TASK ITEM =
What is needed is the full set of records, word for word, with no pictures.

Stored data entries:
[Start of section]
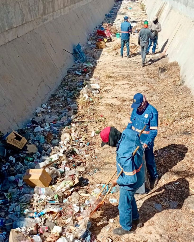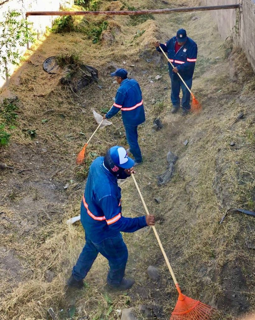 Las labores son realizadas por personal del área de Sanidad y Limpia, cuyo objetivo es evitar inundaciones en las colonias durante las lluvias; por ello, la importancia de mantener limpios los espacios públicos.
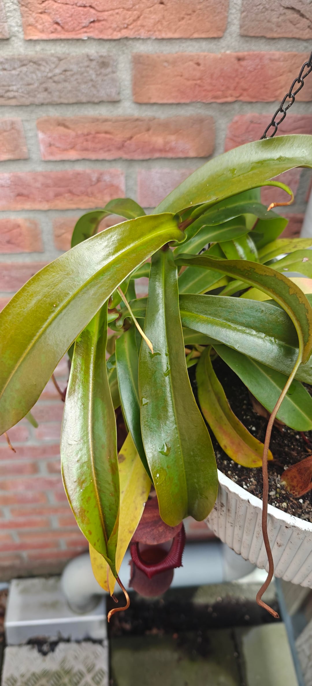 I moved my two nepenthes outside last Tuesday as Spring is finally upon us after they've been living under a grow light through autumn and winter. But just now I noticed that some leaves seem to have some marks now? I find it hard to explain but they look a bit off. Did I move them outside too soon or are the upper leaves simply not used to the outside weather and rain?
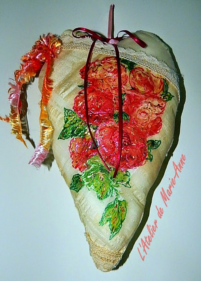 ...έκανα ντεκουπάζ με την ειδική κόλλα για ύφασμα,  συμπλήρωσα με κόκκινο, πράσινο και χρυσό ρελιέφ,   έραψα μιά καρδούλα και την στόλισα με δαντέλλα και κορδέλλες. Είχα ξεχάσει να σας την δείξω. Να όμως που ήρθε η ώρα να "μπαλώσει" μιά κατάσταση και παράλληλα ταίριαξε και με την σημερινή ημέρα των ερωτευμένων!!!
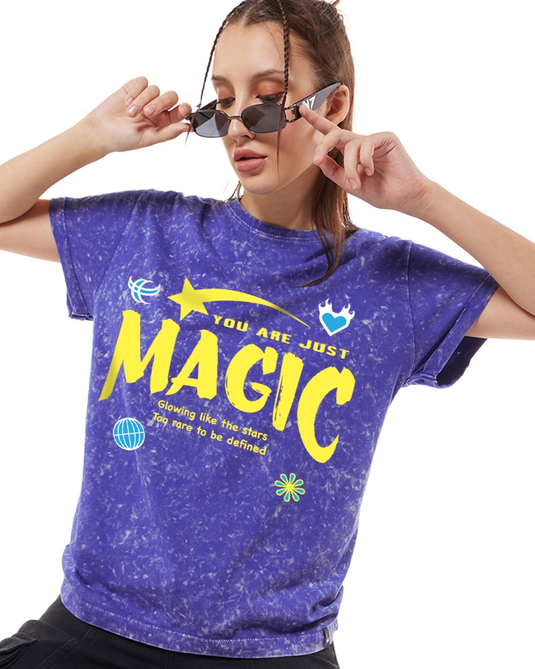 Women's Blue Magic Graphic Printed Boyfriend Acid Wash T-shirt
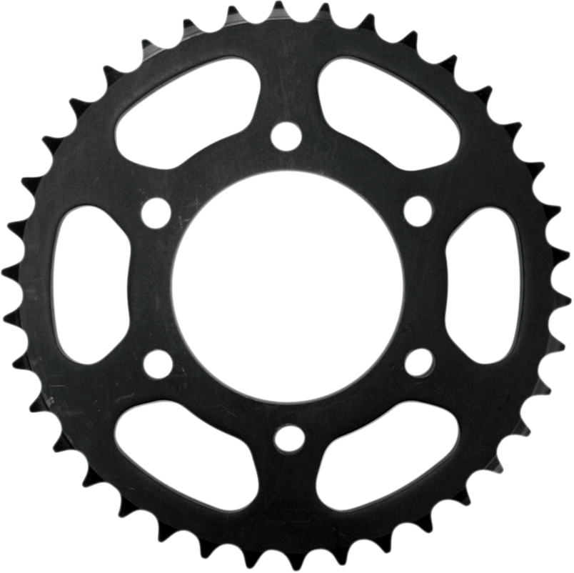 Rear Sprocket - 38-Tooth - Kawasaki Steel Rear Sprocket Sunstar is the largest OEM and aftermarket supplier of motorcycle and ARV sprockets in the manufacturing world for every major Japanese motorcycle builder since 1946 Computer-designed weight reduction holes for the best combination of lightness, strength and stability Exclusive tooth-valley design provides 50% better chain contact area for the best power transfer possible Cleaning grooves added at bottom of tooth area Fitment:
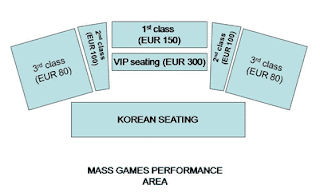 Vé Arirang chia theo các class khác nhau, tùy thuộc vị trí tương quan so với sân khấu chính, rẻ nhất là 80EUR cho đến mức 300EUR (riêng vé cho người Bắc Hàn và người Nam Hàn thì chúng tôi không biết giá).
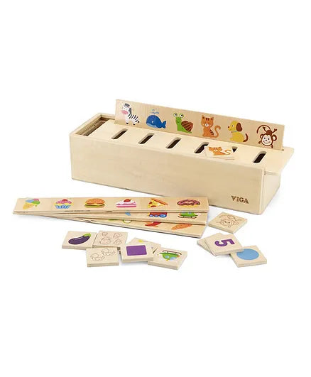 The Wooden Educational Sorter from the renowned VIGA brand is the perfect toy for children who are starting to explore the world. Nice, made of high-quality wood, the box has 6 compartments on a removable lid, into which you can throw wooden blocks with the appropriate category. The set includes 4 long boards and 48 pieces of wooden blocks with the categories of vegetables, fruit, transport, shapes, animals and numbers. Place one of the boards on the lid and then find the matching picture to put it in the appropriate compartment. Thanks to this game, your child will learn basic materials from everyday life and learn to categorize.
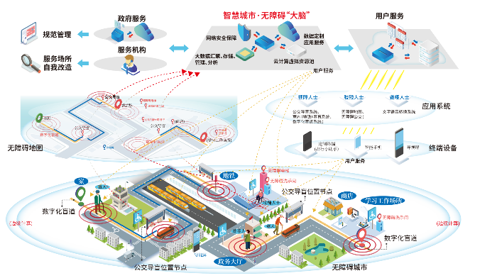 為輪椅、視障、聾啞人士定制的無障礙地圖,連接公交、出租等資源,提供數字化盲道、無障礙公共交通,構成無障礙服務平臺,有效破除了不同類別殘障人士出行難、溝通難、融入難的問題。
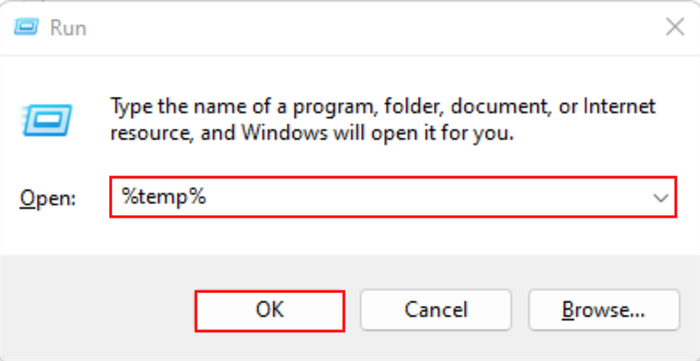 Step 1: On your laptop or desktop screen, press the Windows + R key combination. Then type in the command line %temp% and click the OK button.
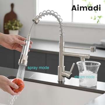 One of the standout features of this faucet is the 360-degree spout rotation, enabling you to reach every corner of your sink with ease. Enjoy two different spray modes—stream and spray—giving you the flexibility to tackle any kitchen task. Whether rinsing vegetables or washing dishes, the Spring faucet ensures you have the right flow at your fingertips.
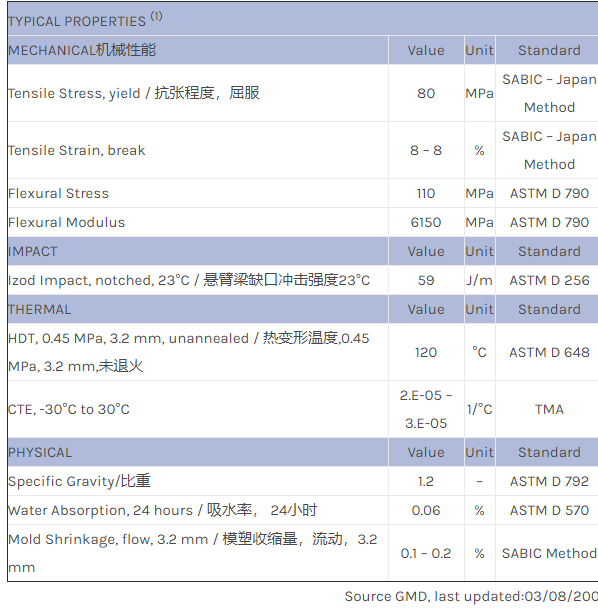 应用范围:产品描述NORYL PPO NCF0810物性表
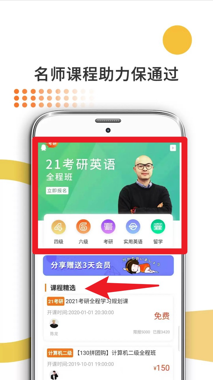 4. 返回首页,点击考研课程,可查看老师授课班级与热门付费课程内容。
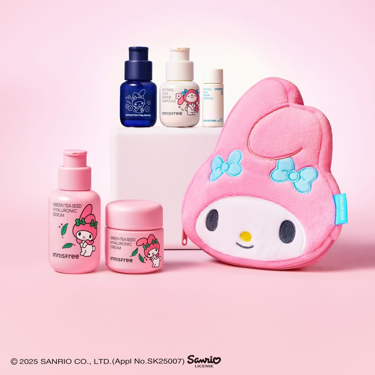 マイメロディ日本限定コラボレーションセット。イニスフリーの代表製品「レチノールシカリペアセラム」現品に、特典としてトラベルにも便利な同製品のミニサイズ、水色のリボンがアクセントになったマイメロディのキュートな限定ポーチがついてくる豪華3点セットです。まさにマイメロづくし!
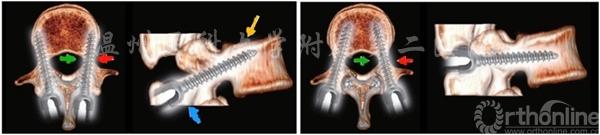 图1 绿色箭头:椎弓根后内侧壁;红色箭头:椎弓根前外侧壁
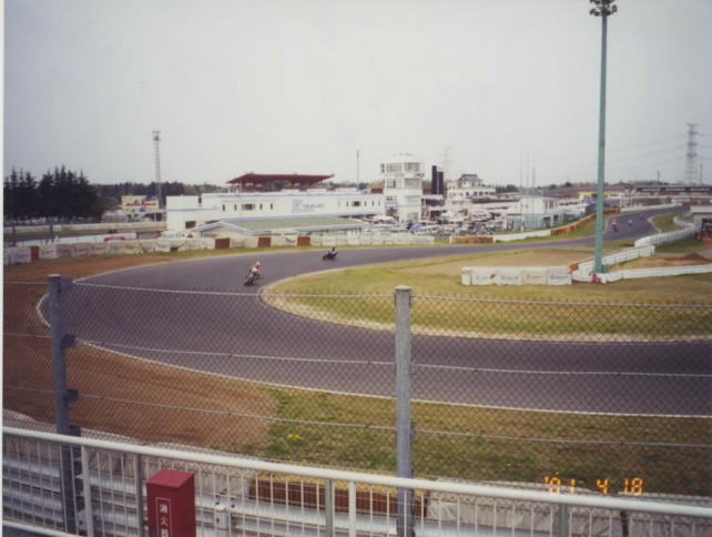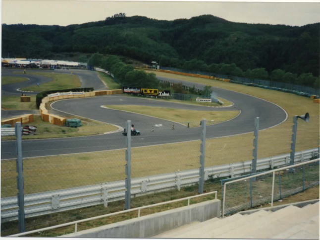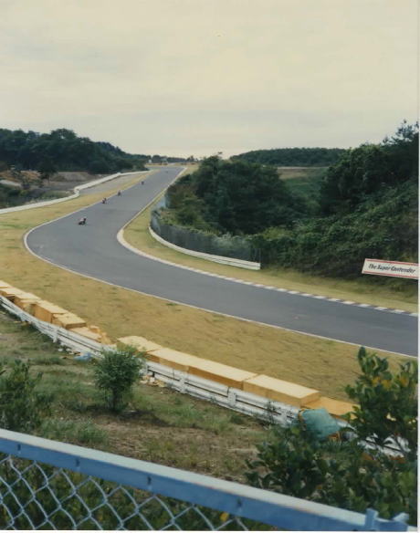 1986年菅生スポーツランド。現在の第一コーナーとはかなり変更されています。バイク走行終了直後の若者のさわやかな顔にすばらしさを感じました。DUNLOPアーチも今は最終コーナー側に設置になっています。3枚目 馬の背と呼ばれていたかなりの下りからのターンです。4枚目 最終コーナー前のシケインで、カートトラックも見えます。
[End of section]
PROBLEM SOLUTION =
 Las labores son realizadas por personal del área de Sanidad y Limpia, cuyo objetivo es evitar inundaciones en las colonias durante las lluvias; por ello, la importancia de mantener limpios los espacios públicos.
 I moved my two nepenthes outside last Tuesday as Spring is finally upon us after they've been living under a grow light through autumn and winter. But just now I noticed that some leaves seem to have some marks now? I find it hard to explain but they look a bit off. Did I move them outside too soon or are the upper leaves simply not used to the outside weather and rain?
 ...έκανα ντεκουπάζ με την ειδική κόλλα για ύφασμα,  συμπλήρωσα με κόκκινο, πράσινο και χρυσό ρελιέφ,   έραψα μιά καρδούλα και την στόλισα με δαντέλλα και κορδέλλες. Είχα ξεχάσει να σας την δείξω. Να όμως που ήρθε η ώρα να "μπαλώσει" μιά κατάσταση και παράλληλα ταίριαξε και με την σημερινή ημέρα των ερωτευμένων!!!
 Women's Blue Magic Graphic Printed Boyfriend Acid Wash T-shirt
 Rear Sprocket - 38-Tooth - Kawasaki Steel Rear Sprocket Sunstar is the largest OEM and aftermarket supplier of motorcycle and ARV sprockets in the manufacturing world for every major Japanese motorcycle builder since 1946 Computer-designed weight reduction holes for the best combination of lightness, strength and stability Exclusive tooth-valley design provides 50% better chain contact area for the best power transfer possible Cleaning grooves added at bottom of tooth area Fitment:
 Vé Arirang chia theo các class khác nhau, tùy thuộc vị trí tương quan so với sân khấu chính, rẻ nhất là 80EUR cho đến mức 300EUR (riêng vé cho người Bắc Hàn và người Nam Hàn thì chúng tôi không biết giá).
 The Wooden Educational Sorter from the renowned VIGA brand is the perfect toy for children who are starting to explore the world. Nice, made of high-quality wood, the box has 6 compartments on a removable lid, into which you can throw wooden blocks with the appropriate category. The set includes 4 long boards and 48 pieces of wooden blocks with the categories of vegetables, fruit, transport, shapes, animals and numbers. Place one of the boards on the lid and then find the matching picture to put it in the appropriate compartment. Thanks to this game, your child will learn basic materials from everyday life and learn to categorize.
 為輪椅、視障、聾啞人士定制的無障礙地圖,連接公交、出租等資源,提供數字化盲道、無障礙公共交通,構成無障礙服務平臺,有效破除了不同類別殘障人士出行難、溝通難、融入難的問題。
 Step 1: On your laptop or desktop screen, press the Windows + R key combination. Then type in the command line %temp% and click the OK button.
 One of the standout features of this faucet is the 360-degree spout rotation, enabling you to reach every corner of your sink with ease. Enjoy two different spray modes—stream and spray—giving you the flexibility to tackle any kitchen task. Whether rinsing vegetables or washing dishes, the Spring faucet ensures you have the right flow at your fingertips.
 应用范围:产品描述NORYL PPO NCF0810物性表
 4. 返回首页,点击考研课程,可查看老师授课班级与热门付费课程内容。
 マイメロディ日本限定コラボレーションセット。イニスフリーの代表製品「レチノールシカリペアセラム」現品に、特典としてトラベルにも便利な同製品のミニサイズ、水色のリボンがアクセントになったマイメロディのキュートな限定ポーチがついてくる豪華3点セットです。まさにマイメロづくし!
 图1 绿色箭头:椎弓根后内侧壁;红色箭头:椎弓根前外侧壁
 1986年菅生スポーツランド。現在の第一コーナーとはかなり変更されています。バイク走行終了直後の若者のさわやかな顔にすばらしさを感じました。DUNLOPアーチも今は最終コーナー側に設置になっています。3枚目 馬の背と呼ばれていたかなりの下りからのターンです。4枚目 最終コーナー前のシケインで、カートトラックも見えます。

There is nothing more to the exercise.